Сны убийцы - Илья Деревянко
Шрифт:
Интервал:
Закладка:
Он жестом подозвал одну из прислуживавших за столом девиц и шепотом приказал:
— Давай сюда Инессу Петровну. Живо!..
* * *Кукушкина громадным жирным колобком быстро прикатилась на зов и, нацепив на мясистую физиономию приветливую улыбочку, нагнулась к Баскакову:
— Звали, Игорь Семенович?
— Да. Ты, я слышал, экстрасенс?
— Некоторым образом.
— А психические заболевания лечить умеешь?
— О, психотерапия мой конек!
— Тогда займись тем мужиком слева, который сидит с похоронным видом. У него что-то в голове перекособочилось. Сумеешь выправить?

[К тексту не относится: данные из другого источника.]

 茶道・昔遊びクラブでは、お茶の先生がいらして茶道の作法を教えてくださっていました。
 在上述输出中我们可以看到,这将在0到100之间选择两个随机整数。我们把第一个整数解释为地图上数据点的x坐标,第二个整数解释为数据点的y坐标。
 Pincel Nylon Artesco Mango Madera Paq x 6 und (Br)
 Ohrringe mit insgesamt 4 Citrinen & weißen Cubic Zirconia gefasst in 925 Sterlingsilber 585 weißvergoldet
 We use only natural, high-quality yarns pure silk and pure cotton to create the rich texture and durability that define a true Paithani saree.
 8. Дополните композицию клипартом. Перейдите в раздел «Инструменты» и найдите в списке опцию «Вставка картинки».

— Без проблем! — поспешила заверить Баскакова Инесса Петровна, однако, посмотрев на Аникина, вдруг ощутила смутное беспокойство, на первый взгляд ничем не обоснованное. До Кукушкиной доходили слухи о темном прошлом Аникина и Баскакова, причем последнего она видела насквозь. Сколько именно за ним трупов, Инесса Петровна, разумеется, не знала, лишь догадывалась, что более чем достаточно. Зато в душе — «благоприятнейшая» атмосфера — безбожие, ни малейших угрызений совести, полное самооправдание… Короче, идеальный кандидат в преисподнюю, близкий ей по духу индивидуум. Тот, другой (судя по всему, давнишний соратник Баскакова и соучастник многих, если не всех, преступлений), должен, по идее, быть похожим на кореша, как брат-близнец, но… что-то тут не так! Почему? Непонятно!

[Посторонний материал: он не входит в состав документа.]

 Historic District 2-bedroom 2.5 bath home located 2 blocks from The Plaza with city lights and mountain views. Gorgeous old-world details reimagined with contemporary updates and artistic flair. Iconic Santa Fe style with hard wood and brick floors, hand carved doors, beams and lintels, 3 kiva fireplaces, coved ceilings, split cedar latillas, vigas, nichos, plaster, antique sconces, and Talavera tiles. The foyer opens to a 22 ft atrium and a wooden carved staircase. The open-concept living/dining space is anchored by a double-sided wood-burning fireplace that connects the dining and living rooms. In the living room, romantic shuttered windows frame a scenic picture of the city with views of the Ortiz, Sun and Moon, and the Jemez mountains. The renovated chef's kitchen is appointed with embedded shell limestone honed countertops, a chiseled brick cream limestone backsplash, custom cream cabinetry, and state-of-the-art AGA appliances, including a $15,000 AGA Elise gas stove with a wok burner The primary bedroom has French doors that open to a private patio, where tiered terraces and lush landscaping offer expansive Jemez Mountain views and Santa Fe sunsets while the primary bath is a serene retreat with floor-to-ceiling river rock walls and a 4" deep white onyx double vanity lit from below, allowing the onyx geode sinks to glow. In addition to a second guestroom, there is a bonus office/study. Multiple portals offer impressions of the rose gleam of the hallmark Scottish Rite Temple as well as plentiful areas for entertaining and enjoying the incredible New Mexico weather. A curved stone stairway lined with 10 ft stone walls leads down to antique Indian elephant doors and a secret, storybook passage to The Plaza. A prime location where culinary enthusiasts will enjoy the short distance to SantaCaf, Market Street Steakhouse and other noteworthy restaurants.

«Я просто перестраховываюсь, — мысленно утешила себя бандерша-экстрасенс. — Устала, замоталась дрессировать своих кобыл!»
— Все будет в ажуре, Игорь Семенович, — вслух сказала она, подошла к Аникину, протянула ему бокал вина и ласково пропела: — Вам плохо, дорогой? Я помогу! Разгоню тоску-печаль. Доверьтесь мне!!!
В ту же секунду от резкого удара по руке бокал полетел на пол и разбился, а пораженная Кукушкина услышала яростное рычание:
— Сама пей кровь, проклятая ведьма!..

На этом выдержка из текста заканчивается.